6.5.1  Transformations on Metabolite Columns

The menu below shows the transformations available when a column of metabolites is selected. For example, the “Pathways of compound” transformation will generate a new column where each cell in the new column contains the set of metabolic pathways in which the compound in the selected cell in the same row occurs. Imagine that we want to create a new SmartTable consisting of all pathways that the preceding SmartTable of metabolites are in, that is, to create a new SmartTable consisting of the result of the preceding transformation. We can do so by clicking the “+” at the top of the column containing the pathways. That operation will create a new SmartTable with two colums: Column 1 contains a non-duplicative list of all pathways in the preceding column; Column 2 lists the metabolites from Column 1 of the previous SmartTable that are present in each pathway.

The transformation “Compare – remove objects present in other species PGDB” will generate a new column containing those metabolites not present in another specified PGDB. The transformation “Compounds – proteins that bind compound” will generate a new column containing all proteins known to bind each corresponding metabolite (e.g., as an enzyme activator or transcription-factor ligand).

6.5.2  Transformations on Chromosomal Regions Containing Sequence-Variant Information

This transformation takes as its starting point a SmartTable of genome regions and sequence substitutions within those regions, as described in Section 6.3.4. The transformation “Sequence – nearest gene to DNA region” adds several new computed columns to such a SmartTable, shown here:

Column 3 lists the gene whose coding region is nearest to the DNA region in the first column.

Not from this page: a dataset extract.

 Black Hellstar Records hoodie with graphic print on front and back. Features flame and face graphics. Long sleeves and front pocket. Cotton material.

Columns 4 and 5: If the coding region of the nearest gene overlaps the DNA region in the first column, then Column 4 says “intragenic” followed by the DNA strand from which the gene is transcribed; Column 5 lists the amino-acid change caused by the substitution at the given region (the column is empty for RNA-coding genes). If the coding region of the nearest gene does not overlap the region in the first column, Column 4 states the distance from the region in the first column to the coding region of the nearest gene, and Column 5 is blank.

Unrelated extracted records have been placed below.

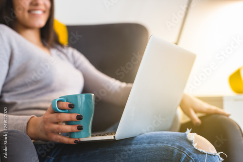 © cherryandbees, Naklejka premium close up of woman holding cup of coffee and laptop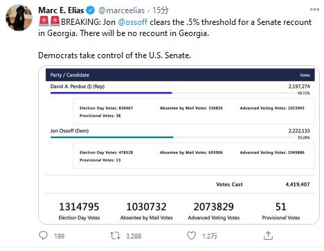 https://www.axios.com/twitter-removes-trump-tweets-f198f970-c9f8-469d-9b34-13429aa26320.html米上院選のジョージア州決選投票、2議席目も民主党当確 上下院制す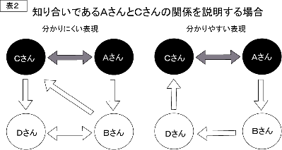 例)知り合いであるAさんとCさんの関係を説明しようとする場合 ☆ 分かりにくい例 ☆ 分かりやすい例 |
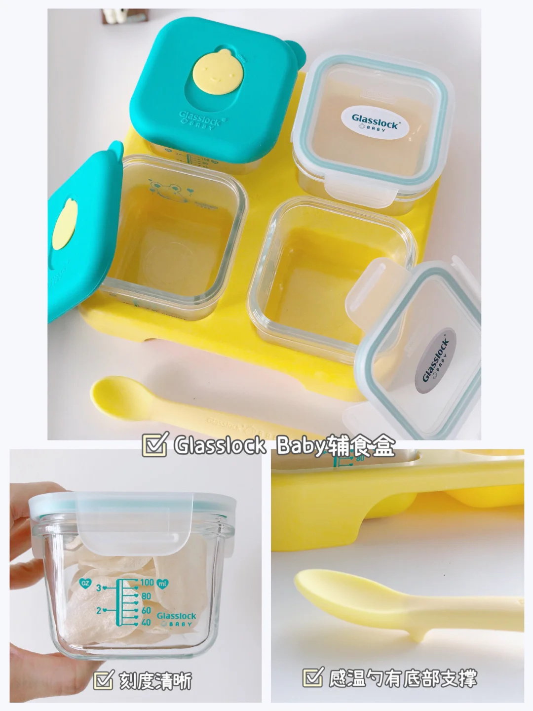 ❤️做零食做多的一次吃不掉的,建议装密封性好的辅食盒里保管,我用的的是glasslockbaby辅食盒,玻璃杯身有清晰的刻度线,玻璃是耐高温的,可入蒸锅和微波炉,而且其中两个盖子是有排气孔的,做蒸糕,蒸蛋羹省去了戳眼的麻烦。这款glasslock baby辅食盒简直太方便了。

A natural next analysis step is to click on the top of the Nearest Gene column and then perform an enrichment analysis (described in the next section) to determine what these genes have in common.

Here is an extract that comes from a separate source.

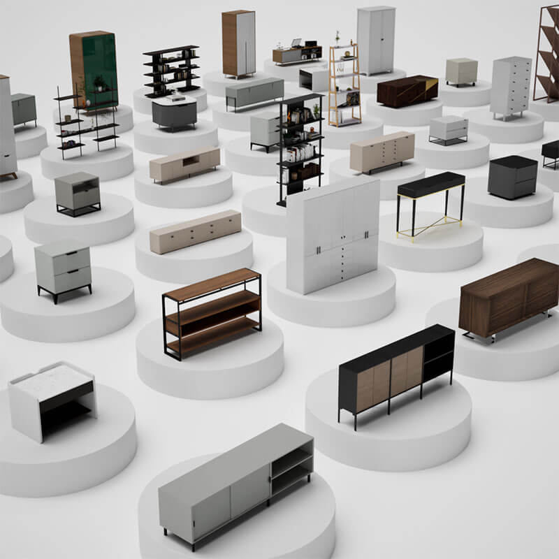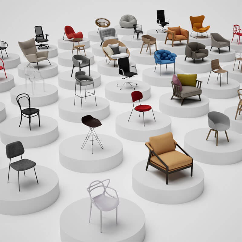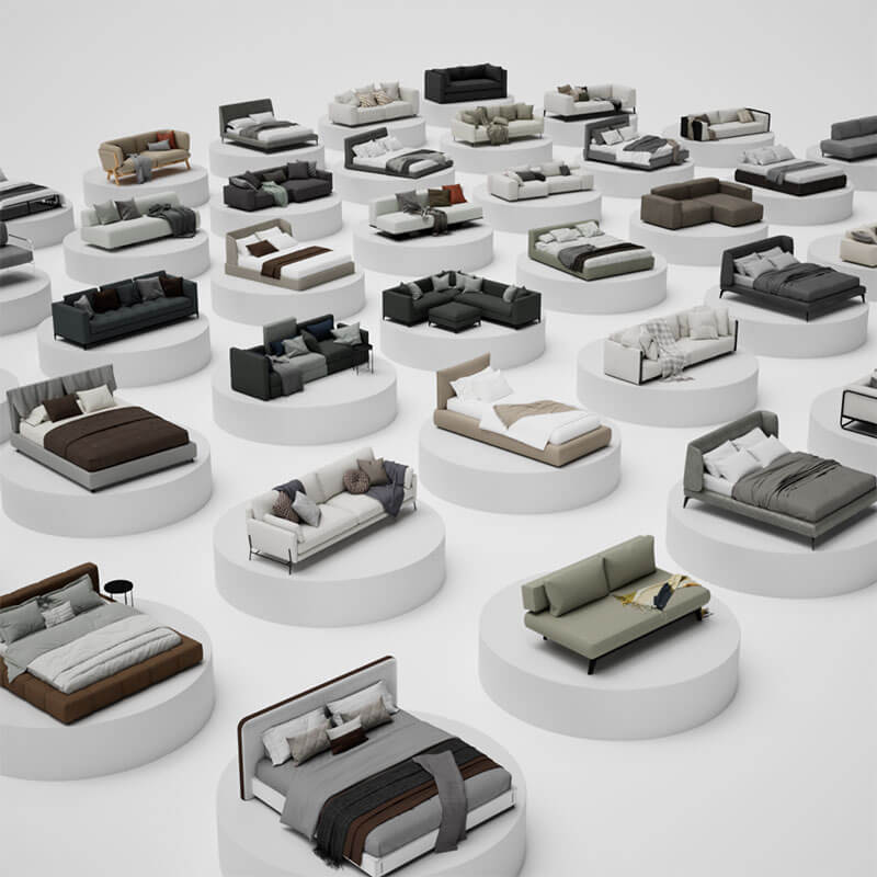 - Interior objects: sofas, beds, tables, lamps, decor items, and more

6.6  Enrichment Analysis of SmartTables

Enrichment analysis is a computational technique for identifying known categories of objects (e.g., pathways) that are statistically over-represented in a set of objects (e.g., genes that are significantly up-regulated in an expression experiment). For example, enrichment analysis allows us to ask whether a set of genes contains more genes regulated by a given transcriptional regulator than one would expect to occur by chance, or more metabolites in a given metabolic pathway than one would expect to occur by chance. Please see the Pathway Tools Users Manual for more information on enrichment, including a description of the parameters available on the web.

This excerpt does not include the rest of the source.